2009 Inflation-Deflation Timer: Model Update

by: Cam Hui, CFA
As I went through the year-end discussions over the holiday season, it struck me that the inflation-deflation question remains stuck in a lot of people's minds. As examples, Zero Hedge pointed out this paper by Brait Capital Management, and recent instances of the inflation vs. deflation debates continue here and here.

In the meantime, my Inflation-Deflation Timer model has remained at an inflation reading since July 2009. The table below shows the returns of the Inflation-Deflation Timer model compared to other asset classes. All returns are denominated in Canadian Dollars.

(click images for a bigger picture)

The returns for the Inflation-Deflation Timer model was a very respectable 18.1% in 2009, which is roughly in line with a 60/40 balanced fund benchmark during normal periods, but it performed best during recent deflationary crisis periods.

Model signals

The chart below shows the returns and “signals” of the Inflation-Deflation Timer model of the last couple of years. The gray zones show periods when an "inflation" signal was flashing, the pink zones indicate a "deflation" signal and the white zones indicate a neutral signal.

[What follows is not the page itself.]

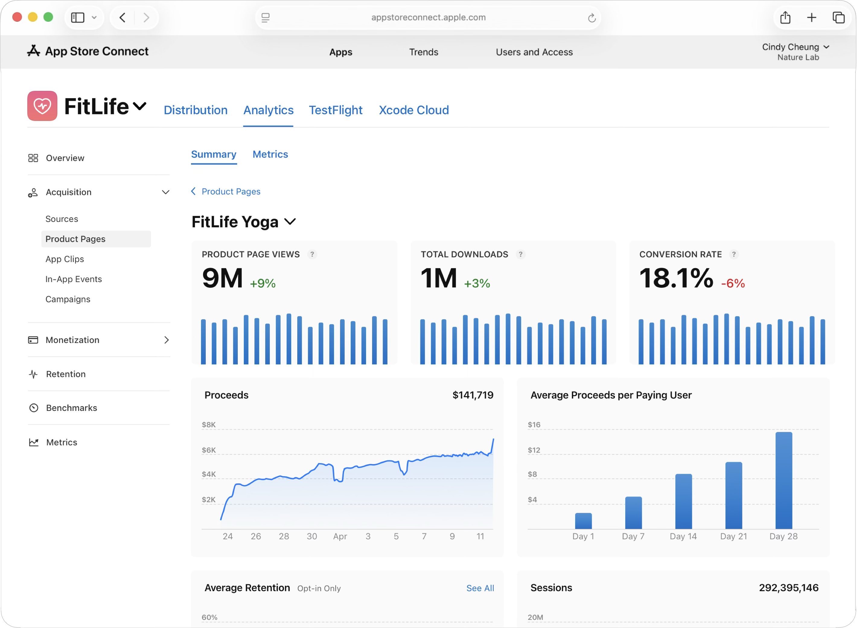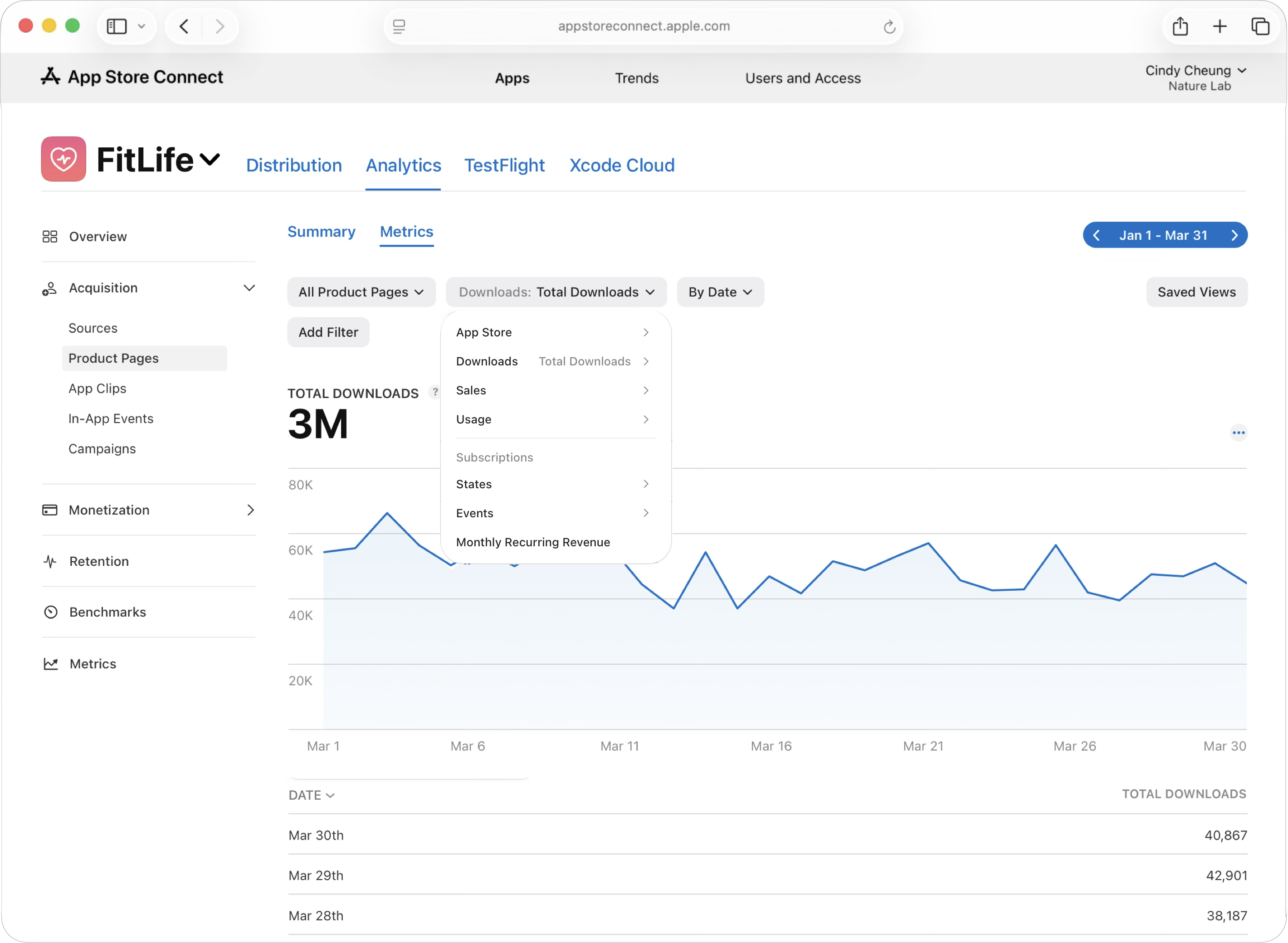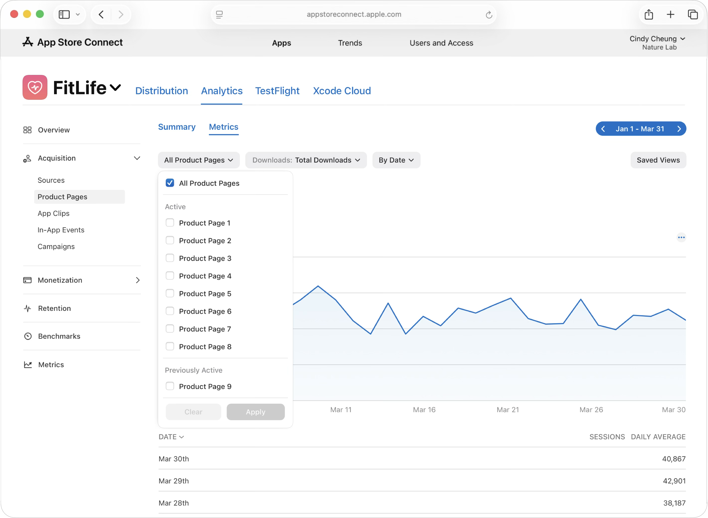 App Store Connect의 “분석” 기능을 통해 제품 페이지 조회수, 다운로드 수, 전환율 등 전체 고객 여정 지표와 함께 구독 성과 및 매출과 같은 후속 지표까지 페이지별로 측정할 수 있습니다. 이를 통해 어떤 페이지가 가장 높은 전환율을 보이는지, 그리고 어떤 페이지가 가장 가치가 높은 사용자를 유입하는지 평가할 수 있습니다.

As the chart indicates, the Inflation-Deflation Timer model was able to successfully navigate through difficult asset deflation periods. The model protected earlier gains by switching to the default-free U.S. Treasury long bonds during the asset deflation periods. In 2009, when the model indicated inflation, the model moved to riskier assets, namely equities and commodities, further advancing the model’s performance.